RECORDS FOR THIS EXERCISE:

------------------------

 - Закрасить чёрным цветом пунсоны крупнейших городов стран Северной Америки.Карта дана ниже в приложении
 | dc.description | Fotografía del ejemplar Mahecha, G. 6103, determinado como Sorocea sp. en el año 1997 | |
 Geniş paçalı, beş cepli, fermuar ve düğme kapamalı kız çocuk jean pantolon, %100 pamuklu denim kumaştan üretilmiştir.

------------------------

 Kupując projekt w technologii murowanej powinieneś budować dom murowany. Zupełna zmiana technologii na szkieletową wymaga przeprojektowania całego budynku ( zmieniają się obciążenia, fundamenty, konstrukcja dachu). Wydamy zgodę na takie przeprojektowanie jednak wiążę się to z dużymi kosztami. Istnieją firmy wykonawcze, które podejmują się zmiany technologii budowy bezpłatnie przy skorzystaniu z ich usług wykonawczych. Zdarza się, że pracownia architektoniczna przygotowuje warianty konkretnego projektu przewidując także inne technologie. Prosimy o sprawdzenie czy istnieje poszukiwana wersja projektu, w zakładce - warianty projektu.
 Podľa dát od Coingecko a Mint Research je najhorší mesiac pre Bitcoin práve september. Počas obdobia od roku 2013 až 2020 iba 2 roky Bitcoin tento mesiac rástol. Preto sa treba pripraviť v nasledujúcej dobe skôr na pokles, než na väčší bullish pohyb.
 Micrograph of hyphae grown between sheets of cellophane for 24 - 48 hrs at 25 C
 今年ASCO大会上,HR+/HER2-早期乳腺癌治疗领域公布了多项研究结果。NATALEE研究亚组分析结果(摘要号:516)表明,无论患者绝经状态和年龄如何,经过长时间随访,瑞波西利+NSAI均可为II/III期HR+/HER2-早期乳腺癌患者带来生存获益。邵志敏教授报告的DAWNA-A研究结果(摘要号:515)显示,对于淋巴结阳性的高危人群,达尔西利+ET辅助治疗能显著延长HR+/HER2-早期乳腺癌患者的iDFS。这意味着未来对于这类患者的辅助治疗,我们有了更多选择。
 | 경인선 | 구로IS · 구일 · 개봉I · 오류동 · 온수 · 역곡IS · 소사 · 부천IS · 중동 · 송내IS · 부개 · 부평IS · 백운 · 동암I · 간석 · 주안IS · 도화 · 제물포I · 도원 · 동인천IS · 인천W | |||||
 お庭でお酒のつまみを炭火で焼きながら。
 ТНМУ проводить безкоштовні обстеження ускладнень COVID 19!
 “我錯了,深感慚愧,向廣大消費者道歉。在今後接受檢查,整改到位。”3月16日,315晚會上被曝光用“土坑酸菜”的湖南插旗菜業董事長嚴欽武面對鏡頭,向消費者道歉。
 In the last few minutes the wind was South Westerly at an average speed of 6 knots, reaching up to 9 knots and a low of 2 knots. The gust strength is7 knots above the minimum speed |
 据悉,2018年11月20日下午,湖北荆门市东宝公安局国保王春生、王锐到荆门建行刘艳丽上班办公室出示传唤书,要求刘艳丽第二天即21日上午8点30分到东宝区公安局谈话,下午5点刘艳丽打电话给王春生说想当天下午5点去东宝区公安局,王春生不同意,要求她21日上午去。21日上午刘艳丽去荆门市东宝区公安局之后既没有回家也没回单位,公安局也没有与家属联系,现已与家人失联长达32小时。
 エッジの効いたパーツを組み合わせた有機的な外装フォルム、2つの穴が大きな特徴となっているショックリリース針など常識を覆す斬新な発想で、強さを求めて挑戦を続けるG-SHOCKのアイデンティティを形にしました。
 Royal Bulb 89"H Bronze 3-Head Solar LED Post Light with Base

------------------------

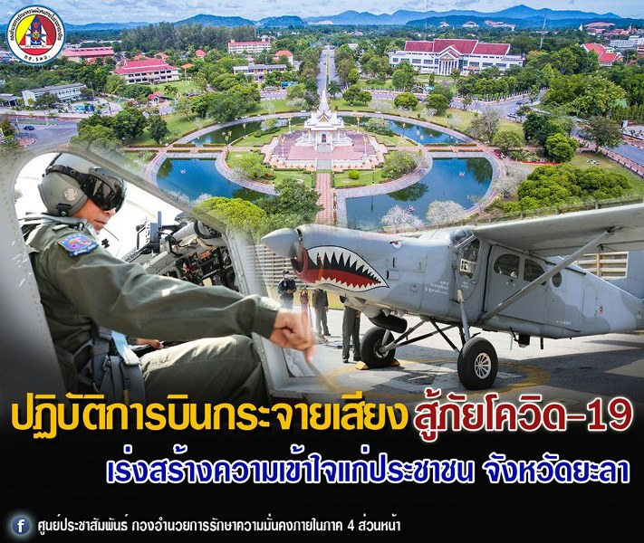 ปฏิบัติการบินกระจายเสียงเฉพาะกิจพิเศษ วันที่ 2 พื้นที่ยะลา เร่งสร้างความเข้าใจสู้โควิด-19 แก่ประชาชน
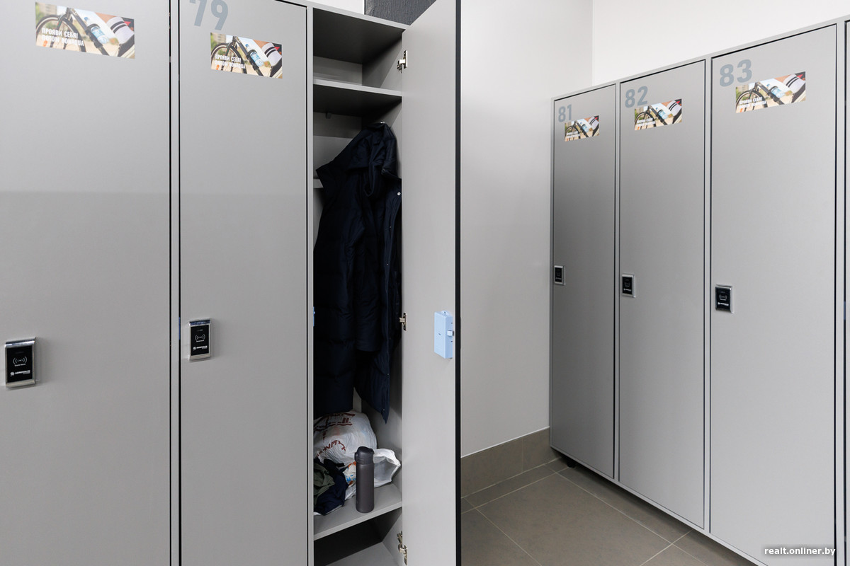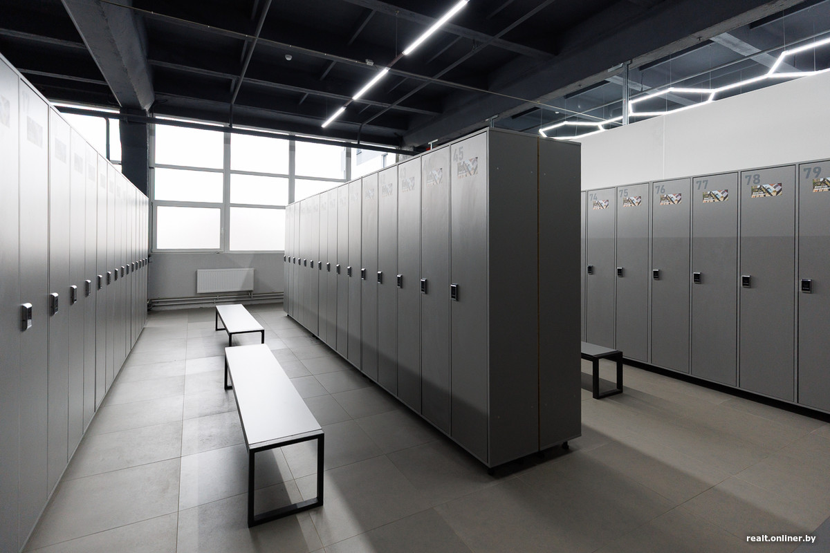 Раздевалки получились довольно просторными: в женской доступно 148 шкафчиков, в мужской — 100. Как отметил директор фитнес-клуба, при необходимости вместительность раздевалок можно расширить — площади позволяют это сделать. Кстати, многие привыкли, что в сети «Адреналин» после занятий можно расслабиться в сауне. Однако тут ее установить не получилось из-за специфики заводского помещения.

------------------------

WHAT IS BEING ASKED:
Could you repeat exactly the lines in the listing above from the one with "- Закрасить чёрным" down to the one with "Geniş paçalı, beş"? Include both of those lines.

ANSWER:
 - Закрасить чёрным цветом пунсоны крупнейших городов стран Северной Америки.Карта дана ниже в приложении
 | dc.description | Fotografía del ejemplar Mahecha, G. 6103, determinado como Sorocea sp. en el año 1997 | |
 Geniş paçalı, beş cepli, fermuar ve düğme kapamalı kız çocuk jean pantolon, %100 pamuklu denim kumaştan üretilmiştir.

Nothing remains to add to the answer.